João Gonçalves 16 Ago 06


André: tome lá uma excelente "primeira frase".

"Ou deixas de foder outras ou está tudo acabado."

Philip Roth, O Teatro de Sabbath, trad. nas Ed. Dom Quixote

O PODER DA VASELINA

João Gonçalves 16 Ago 06


Uma criancinha de doze anos "furou" o esquema securitário montado em Heathrow. Uma passageira a bordo de um avião para os EUA que levava, entre outras coisas "perigosas", um tubo de vaselina, fez aterrar de emergência o dito aparelho em Boston. Há, como diria Shakespeare, algum método nesta loucura. Afinal, não convém subestimar o poder, quer das criancinhas, quer de um tubo de vaselina.

VÃO VER

João Gonçalves 16 Ago 06

De acordo com um diploma legal recentemente aprovado, as vítimas de abusos sexuais passam a poder reclamar indemnizações ao Estado.
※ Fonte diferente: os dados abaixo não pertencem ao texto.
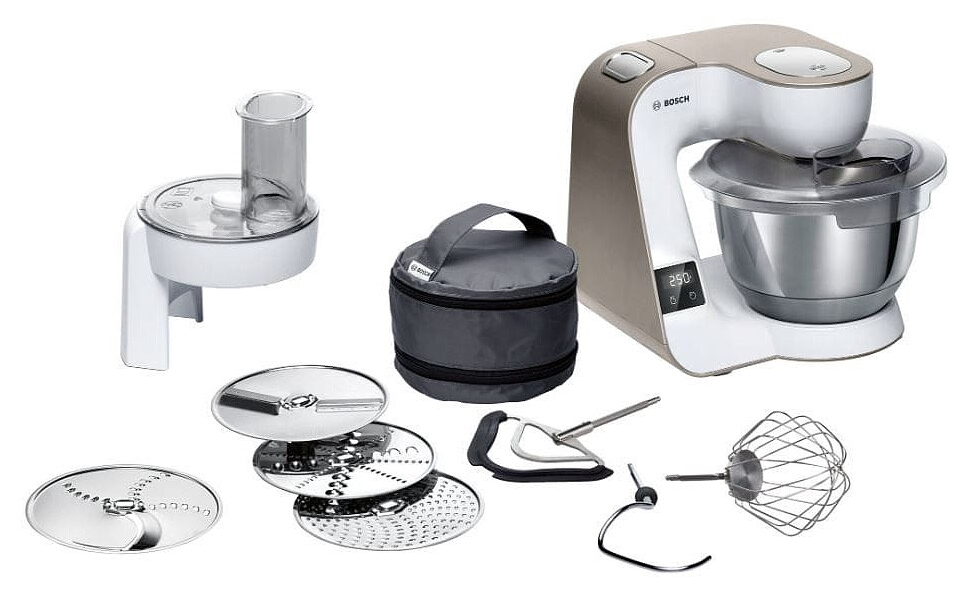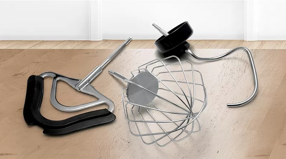 Kreatywne pomysły kulinarne wymagają specjalnych akcesoriów. Profesjonalny zestaw mieszadeł zapewnia nie tylko doskonałe rezultaty, ale i łatwą obsługę urządzenia. W zestawie: mieszadło z silikonową krawędzią, mieszadło do ubijania (z regulacją wysokości, wykonane w całości z metalu) oraz hak do zagniatania. Wszystkie akcesoria można myć w zmywarce.
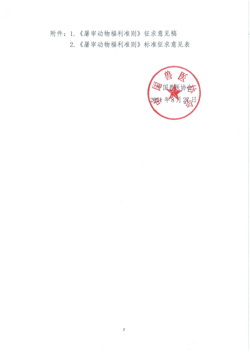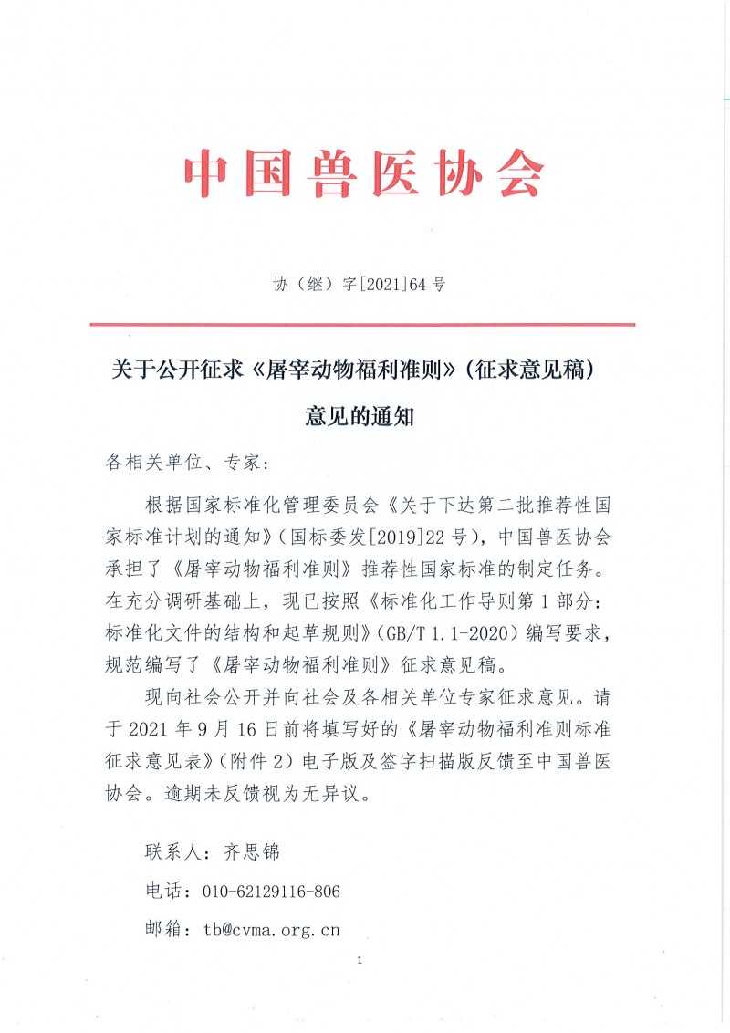 中國獸醫協會關于公開征求《屠宰動物福利準則》(征求意見稿)意見的通知(協(繼)字[2021]64號)
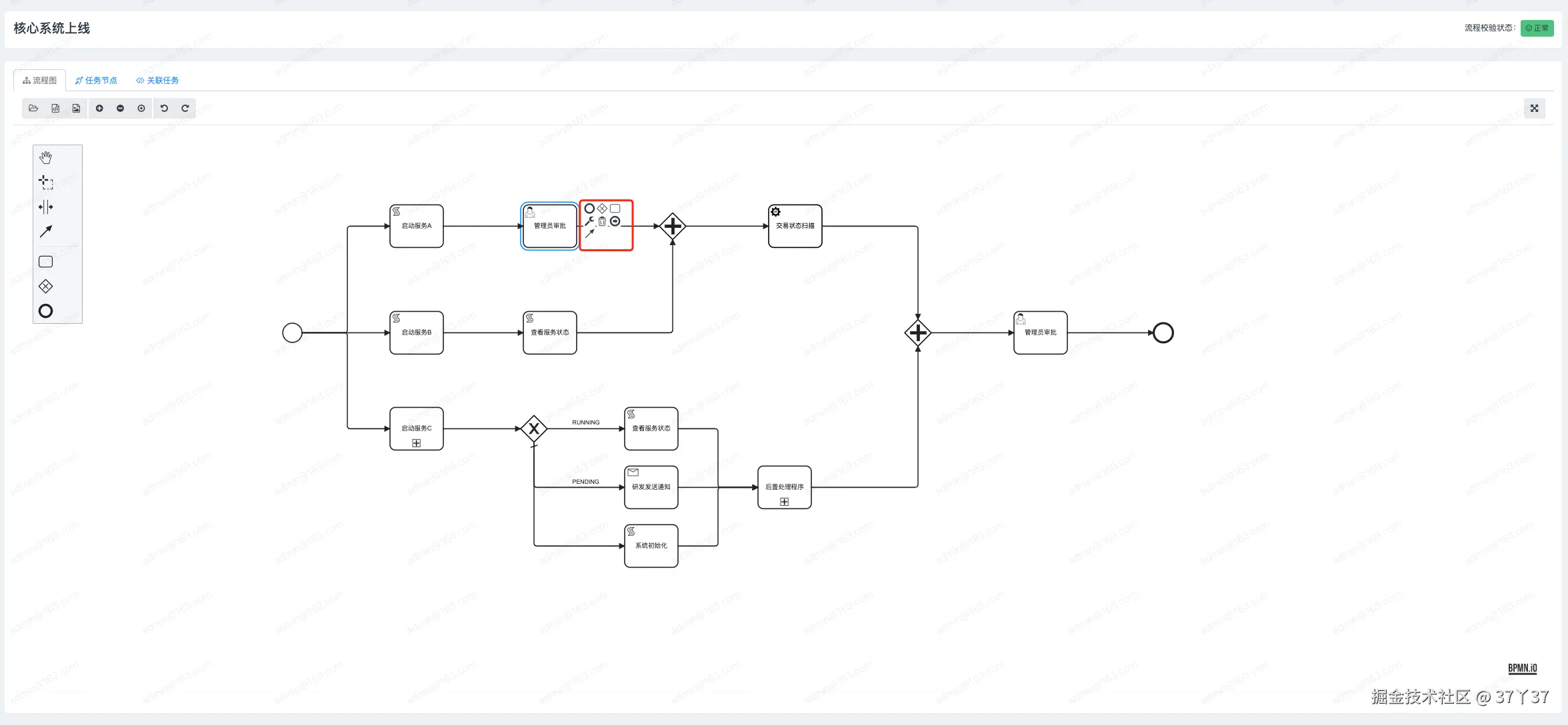 不同类型的任务渲染不同样式的ICON,例如脚本类型就会是一个脚本的ICON、而审批类型则渲染一个用户的ICON,同时也自定义了一些非BPMN标准样式的ICON,例如API类型的任务,则渲染了一个自定义的标识API的ICON,以满足我们多样的子任务类型需求。不同的元素类型也会有不同的操作按钮,例如普通连线只有删除按钮、而排他网关下的连线则会有编辑、默认网关和删除按钮、而对于任务元素的按钮则更加丰富
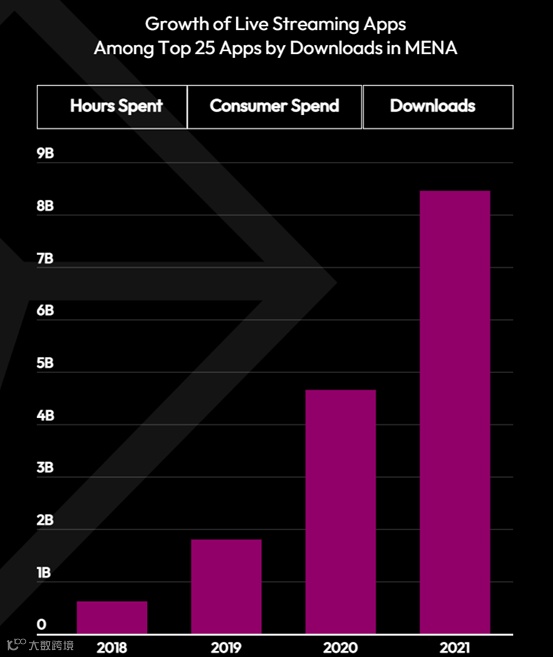 如果说哪个品类表现最佳,以往我们的印象都会认为社交类产品表现最佳,不过实际上,直播行业当之无愧。以使用时长对比来看,在4年的时间内,MENA地区排名前25位的直播应用花费市场的时间比社交市场整体增长12.5倍——同比增长81%,但所有社交应用的增长率仅为5%。
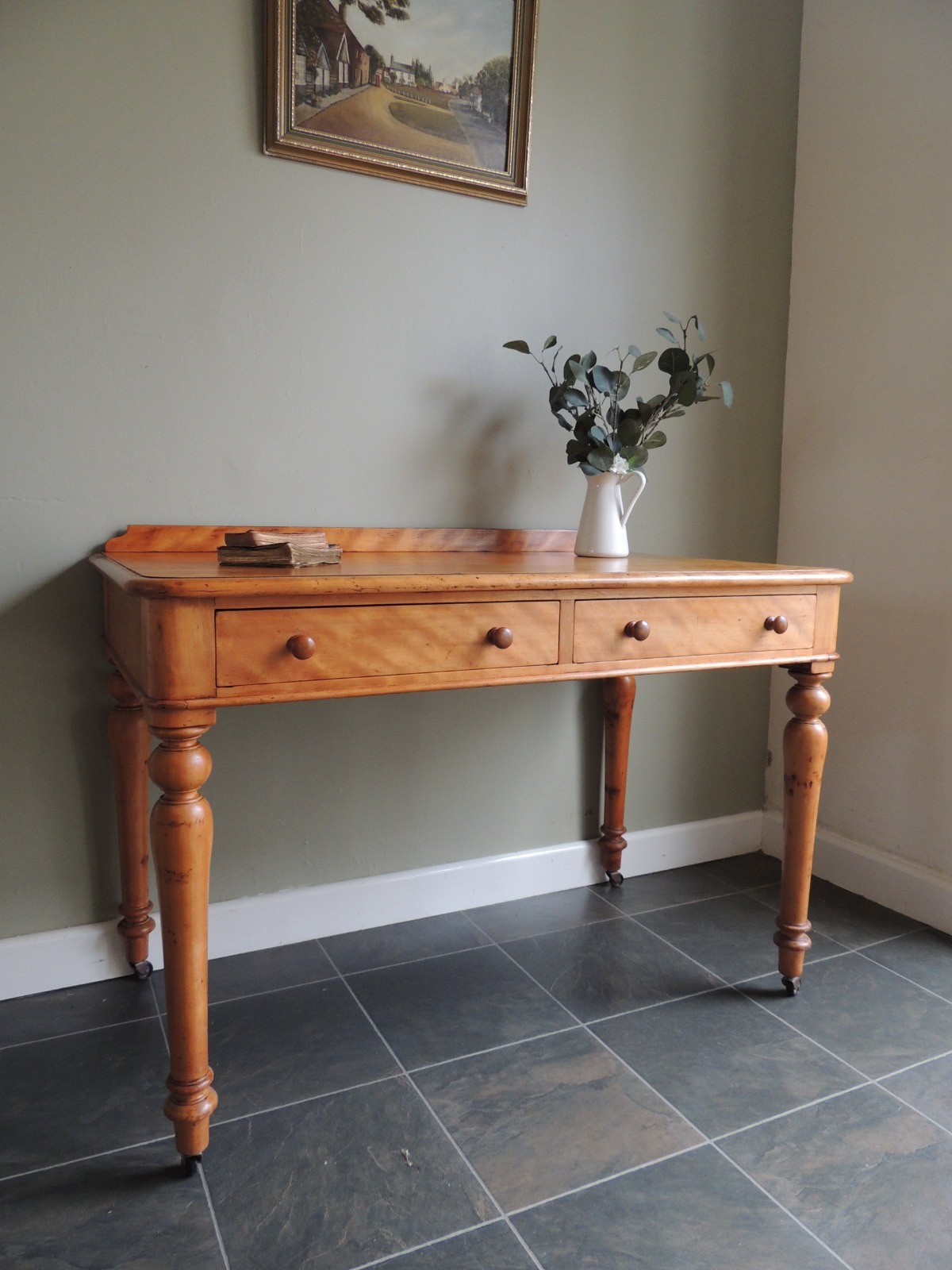 Beautiful Antique Satinwood Victorian Desk / Hall Table - Heal & Sons London
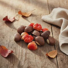 Enjoy Belgian chocolate autumn fruits 150g, artisan creations crafted with fine cacao. A seasonal gourmet gift that captures the flavors of fall.
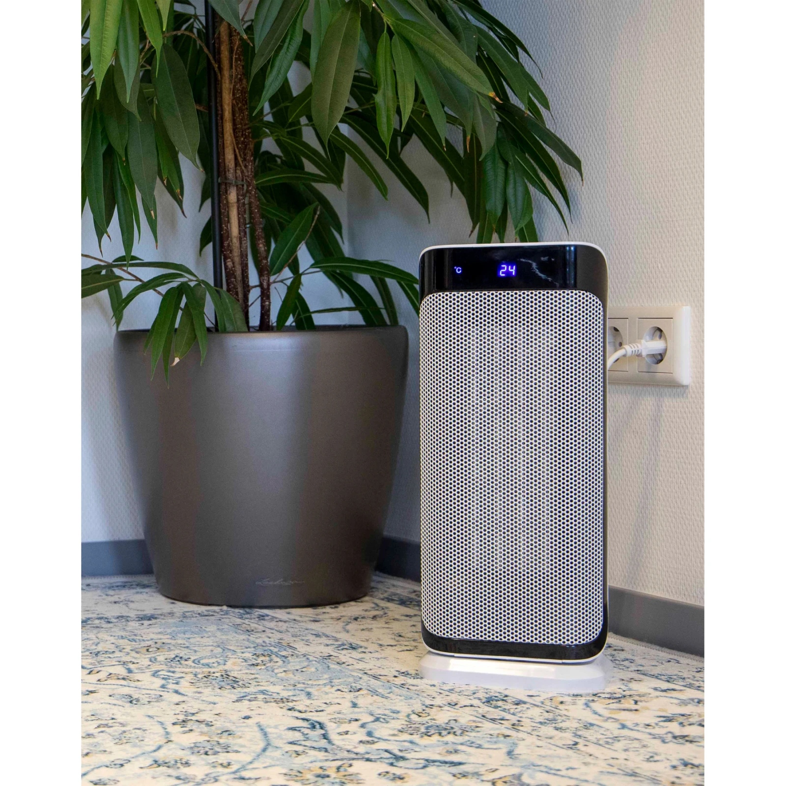 Tento keramický ohřívač je vybaven LCD displejem, dálkovým ovládáním a funkcí časovače, díky čemuž je ovládání jednoduché a pohodlné. Nechybí ani bezpečnostní funkce jako ochrana proti přehřátí a ochrana proti převrácení, které vám zajistí klid i při dlouhodobém používání.
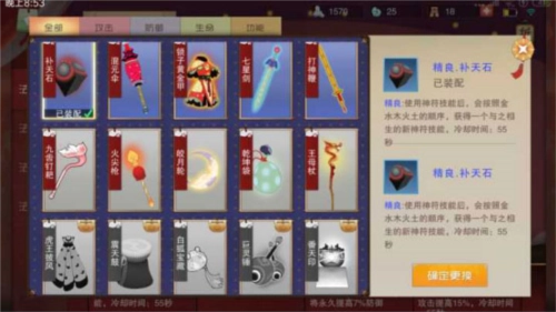 比如我们用了能回满血量的木符,就会立刻得到一个提升攻击力的火符,回满血后就能马上用这个火符,打敌人一个出其不意。哪怕是等级不高的补天石,也具备这样的效果,法器升级只会改变它的冷却时间而已。
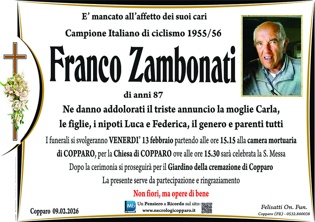 Ho conosciuto il sig. Franco in Comune di Copparo quando Lui era assessore, è sempre stato molto gentile e disponibile al dialogo; esprimo le mie più sentite condoglianze a tutta la sua famiglia.
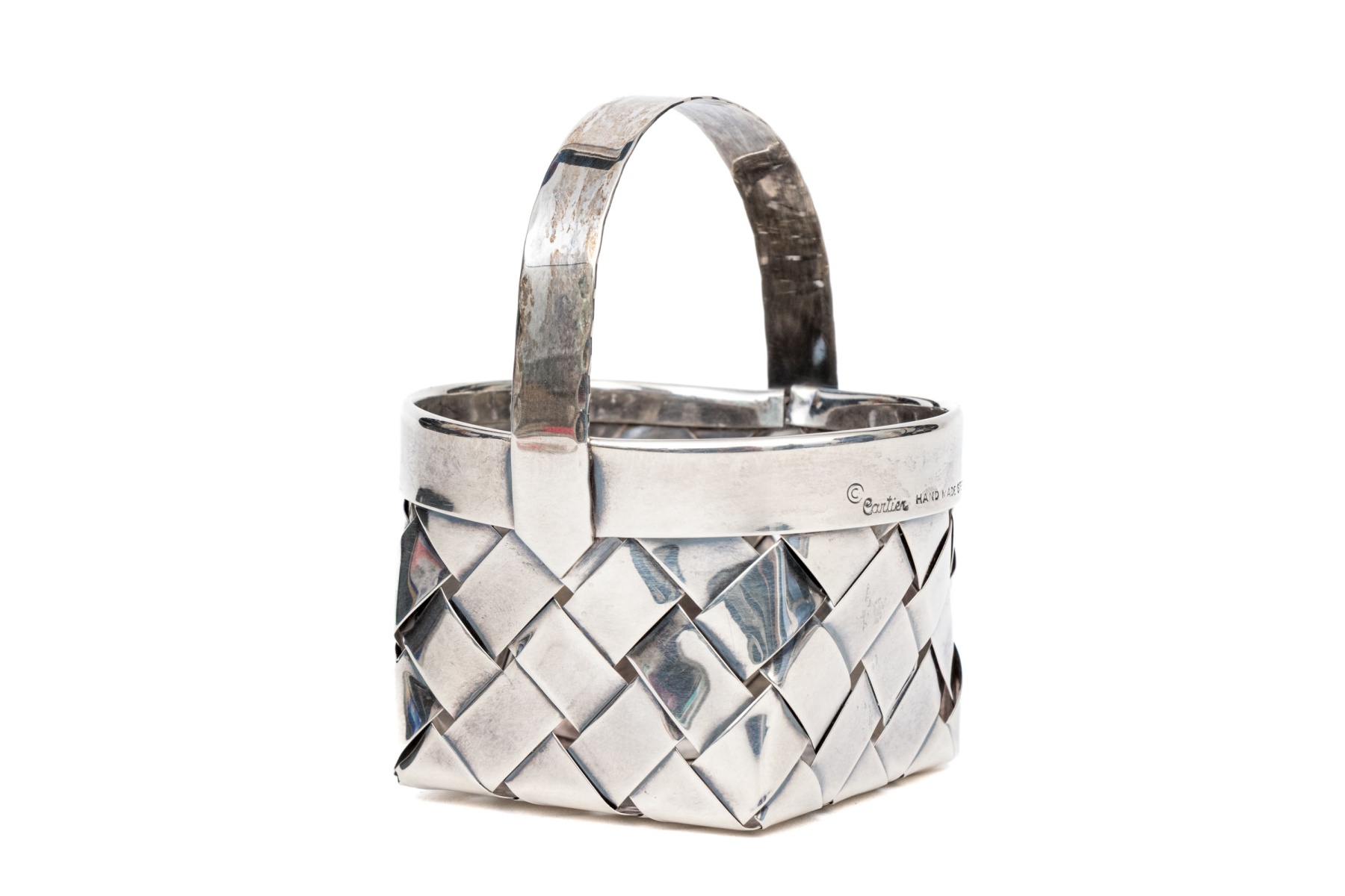 Cartier Hand- Made Sterling Silver Small Basket 1.585 Ozt.

É verdade que o Estado - entre outras coisas, é para isso que os cidadãos pagam impostos - deve garantir a segurança dos seus súbditos, incluindo protegê-los dos putativos violadores. Acontece que, tratando-se de um país em que a propensão para aldrabrar é elevada, não hão-de faltar "violadas" e "violados" a gemer pelos cantos à espera que o contribuinte os "repare". Vão ver.

A SEGUIR

João Gonçalves 16 Ago 06

O sr. Annan, com aquele realismo estratosférico que caracteriza a ONU, estima que em "semanas ou meses" possa estar constituída a célebre "força de interposição" que deverá marchar para o Líbano de capacete azul na cabeça. Isto é, o sr. Annan limita-se a reconhecer que, até ver, apenas existe a "força" da resolução adoptada e pouco mais. Nas referidas "semanas ou meses" é bem possível que a nervoseira tome conta dos discípulos do hirsuto Nazrallah - que já explicou, com a mansidão feroz que o caracteriza, que não está exactamente disponível para ser "desarmado" - e do pobre sr. Ormet que, quer ele queira quer não, sofreu com isto tudo uma pesadíssima derrota política, permitindo que a tropa tomasse conta dele. Nada disto é motivo de regozijo. Infelizmente os EUA transformaram Israel na "linha da frente" da defesa do ocidente tal como o conhecemos. E praticamente deixaram-no entregue a si próprio e ao seu privado e inútil desmando. Todavia isso não me impede de reconhecer o óbvio. No dia em que Israel soçobrasse - e não vale a pena estar com paninhos quentes porque Israel perdeu militarmente este combate contra uma guerrilha imprevisível -, nós íamos todos a seguir.